Part (III): Application of prepared cation and anion exchange membranes in microbial desalination fuel cell
- The operation of MDFCs using bio-catholyte as electron acceptor achieved the lowest salt removal, (OCV), polarization and power density of 44.15%, 0.525 V and 33.5 Wm-2 at a current density of 186.1 mA m−2 respectively while using KMnO4 as acceptor achieved highest values of 60.17 %, 1.350 V and 151.5 W m-2 at a current density of 275.57 mA m−2 respectively.
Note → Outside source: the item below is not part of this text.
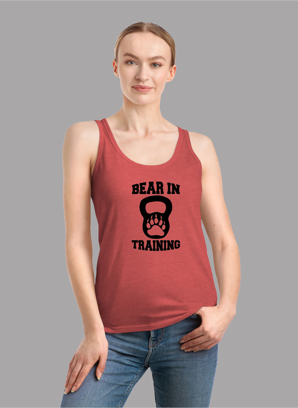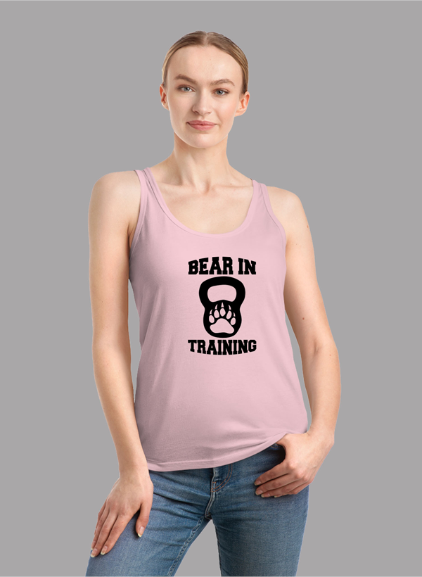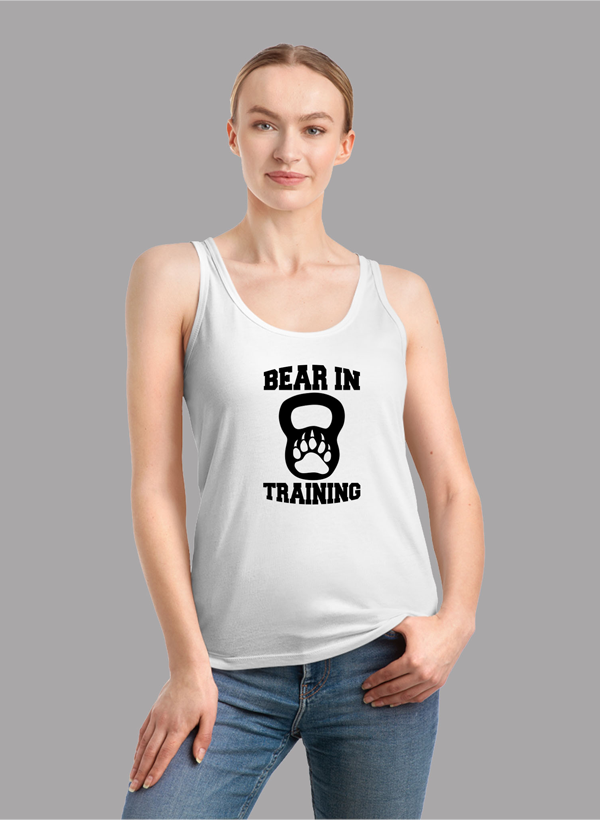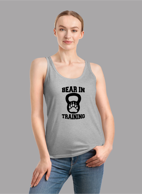 The racer back style of the BEAR IN TRAINING Tank Top allows for a full range of motion, making it ideal for yoga, running, or any fitness routine. The curved back hem adds an extra touch of comfort, allowing you to move freely without any restrictions. Whether you're hitting the gym or lounging at home, this tank top is a versatile addition to your wardrobe.

- The internal resistance loss is a significant factor that affects power production in MDFCs. The obtained result shows that, the internal resistance decreased from 1.7Ω using bio-catholyte as electron acceptor to 0. 8 Ω using KMnO4.
- The COD removal, Columbic efficiency (CE), columbic removal measurement (CR) and average energy harvest rate in MDFCs using bio-catholyte as electron acceptor were 69.9 %, 13.5%, 9.4 % and 0.520 C h−1 respectively while KMnO4 were 85.8% ,20.6%, 17.4% and 0.961 C h−1 respectivly.